From the editor: The day after Earth Day 2024

 

April 24, 2024



Monday was the 54th anniversary of Earth Day, organized in 1970 as a teach-in on college campuses to emphasize the harm out-of-control pollution has on human health as well as the environment. In typical homo sapiens fashion, giant inflatable earth balls got tossed around, guitars were played and laughter and music filled the air. So, for 50 years the seriousness of human-fueled devastation danced with the joy of opening our eyes to the beauty and wonders of the natural world.

“It is only a little planet / but how beautiful it is” the poet Robinson Jeffers wrote over 75 years ago. It is, and the wonderous miracle of life is slowly tipping into catastrophe around this globe.

Last week, on April 16, Washington’s state Department of Ecology declared the entire state in drought except for a small sliver of South Puget Sound. The entire state! In April. Remember when April showers brought May flowers? Now there are many fewer April showers as the climate changes dramatically (summary, page 8).

As the planet takes another loop around the sun, it is hard to get past the small individual hours of living. An existential threat exhausts the mind as well as the soul. The hottest-year-ever record keeps getting broken. We keep driving to the grocery store.

Too many American corporations and governments are giving lip service to sustainability while insanely pursuing the status quo, the policies and politics of yesterday, the 20th century. What, is their whistling in the dark an intention to wait the changing environment out, until we miraculously return to the good old days? Supposedly a famous baseball player said decades ago, “Let’s use it all up before we run out.”
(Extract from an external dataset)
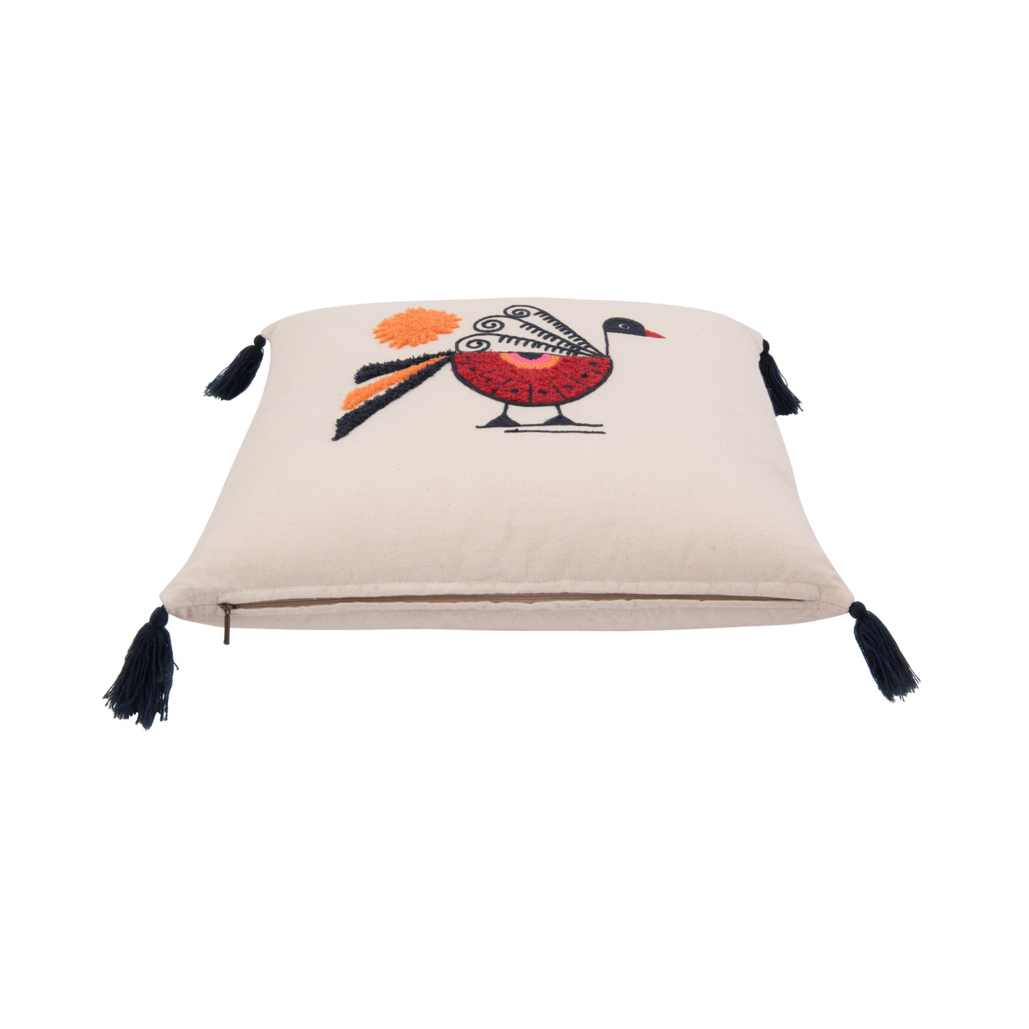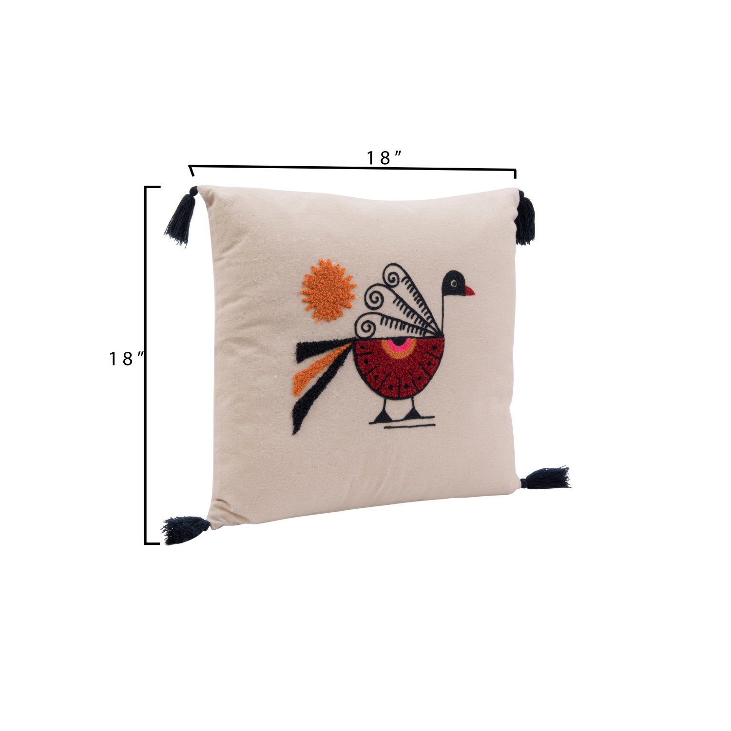 Catalog Name: 18" Square Cotton Pillow w/ Embroidered Peacock & Tassels, Multi Color

The existential threat of climate change is one reality, parsed by facts, data, studies and science. Others in our nation are most heated up by the dangers they see in out-of-control immigration. They certainly have numbers on their side, as more and more people flee to find refuge in this, the greatest country in the world. Who wouldn’t come here? All of our ancestors did, unless we are indigenous.

But whatever drives this passion against immigrants, be it anger, fear, worry or patriotism, and whether the concern is at our southern border or our own neighborhoods – though not so much in Skagit County, where the foreign-born are mostly working hard in the fields, our yards or in or on our homes – immigrants will not bring about ecosystem collapse.

Between a dry, fiery or storm-swept countryside and a land swarming with people looking for paradise, many of us cannot find or measure the threats as being equal.

That is one reason to hold elections, so the majority of people casting their ballots can win that one day on deciding what is important.

What odd people live on this small, beautiful planet.